Camoglu Orhan, Kahveci Tamer, Singh Ambuj K
Department of Computer Science University of California, Santa Barbara, CA 93106, USA.
Bioinformatics. 2003;19 Suppl 1:i81-3. doi: 10.1093/bioinformatics/btg1009.
We consider the problem of finding similarities in protein structure databases. Current techniques sequentially compare the given query protein to all of the proteins in the database to find similarities. Therefore, the cost of similarity queries increases linearly as the volume of the protein databases increase. As the sizes of experimentally determined and theoretically estimated protein structure databases grow, there is a need for scalable searching techniques.

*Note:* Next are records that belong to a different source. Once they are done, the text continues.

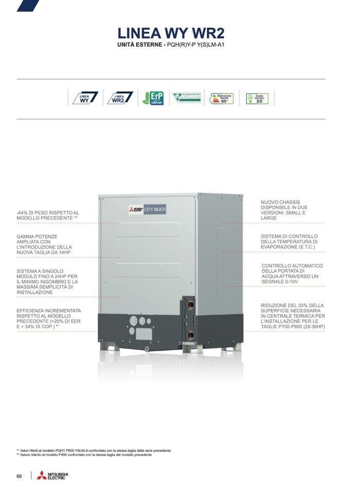 Valori riferiti al modello PQHY P600 YSLM-A confrontato con la stessa taglia della serie precedente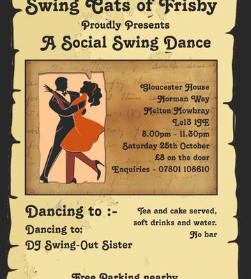 Swing Cats of Frisby social swing dance. Dancing to Swing DJ - Swing out Sister. Complimentary tea, coffee and cake to be served around 9.30, water and squash will be available all evening. Hope to see you there.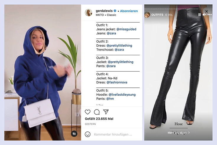 Wie auf dem Bild oben von Gerda Lewis auf Instagram zu sehen. Heute Fast Fashion von Zara, Na-Kd, Prettylittlething oder H&M und morgen ein eigenes Eco Fashion Label? Wenn wir durch die Instagram-Stories und Postings von Gerda Lewis scrollen, bekommen wir gleich Fast-Fashion-Frust. Zum Beispiel von der Plastiklederhose der Marke Prettylittlething, die Gerda Lewis, wie oben auf dem Bild ersichtlich, in ihrer Story geteilt hat. 16 Pfund, also rund 18 Euro, soll die Hose, die im Prettylittlething Onlineshop angeboten wird, kosten. Wir kriegen das persönlich irgendwie nicht zusammen: Gefühlt jeden Tag ein neues Outfit und Empfehlungen für Fast Fashion-Konzerne, die wirklich alles andere als nachhaltig, geschweige denn fair oder sozial herstellen, aber dann ein Eco Fashion Label wie Purestain gründen?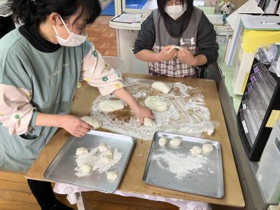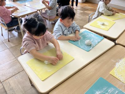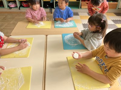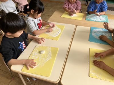 子どもたちは手にうち粉をたっぷりつけて、丸めたり、伸ばしたり、夢中です。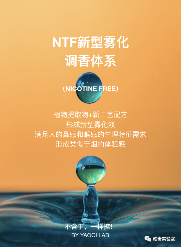 FY-NTF新型雾化液(NTF: NICOTINE FREE),作为第四代调香体系“NTF新型雾化调香体系”出品,历经实验室、定向内测、行业(设备)应用和客户(产品)应用四层测试,综合材料特质和市场分析,结合行业伙伴意见建议和客户反馈,不断完善工艺标准,丰富配方,构建体系。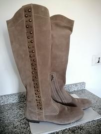 Bellissimi stivali, scamosciati con borchie, usati pochissimo, come nuovi. Marca Nero Giardino. Marrone. Con borchie laterali e piccola cerniera. Sotto il ginocchio. Numero 39

Our techniques extract feature vectors on triplets of SSEs (Secondary Structure Elements). Later, these feature vectors are indexed using a multidimensional index structure. For a given query protein, this index structure is used to quickly prune away unpromising proteins in the database. The remaining proteins are then aligned using a popular alignment tool such as VAST. We also develop a novel statistical model to estimate the goodness of a match using the SSEs. Experimental results show that our techniques improve the pruning time of VAST 3 to 3.5 times while maintaining similar sensitivity.
我们考虑在蛋白质结构数据库中寻找相似性的问题。当前技术将给定的查询蛋白质与数据库中的所有蛋白质进行顺序比较以找到相似性。因此,相似性查询的成本随着蛋白质数据库规模的增加而线性增长。随着通过实验确定的和理论估计的蛋白质结构数据库规模的扩大,需要可扩展的搜索技术。
我们的技术在二级结构元件(SSE)三元组上提取特征向量。随后,使用多维索引结构对这些特征向量进行索引。对于给定的查询蛋白质,该索引结构用于快速剔除数据库中没有希望的蛋白质。然后使用诸如VAST之类的流行比对工具对剩余的蛋白质进行比对。我们还开发了一种新颖的统计模型,以使用SSE来估计匹配的优度。实验结果表明,我们的技术将VAST的剪枝时间提高了3至3.5倍,同时保持了相似的灵敏度。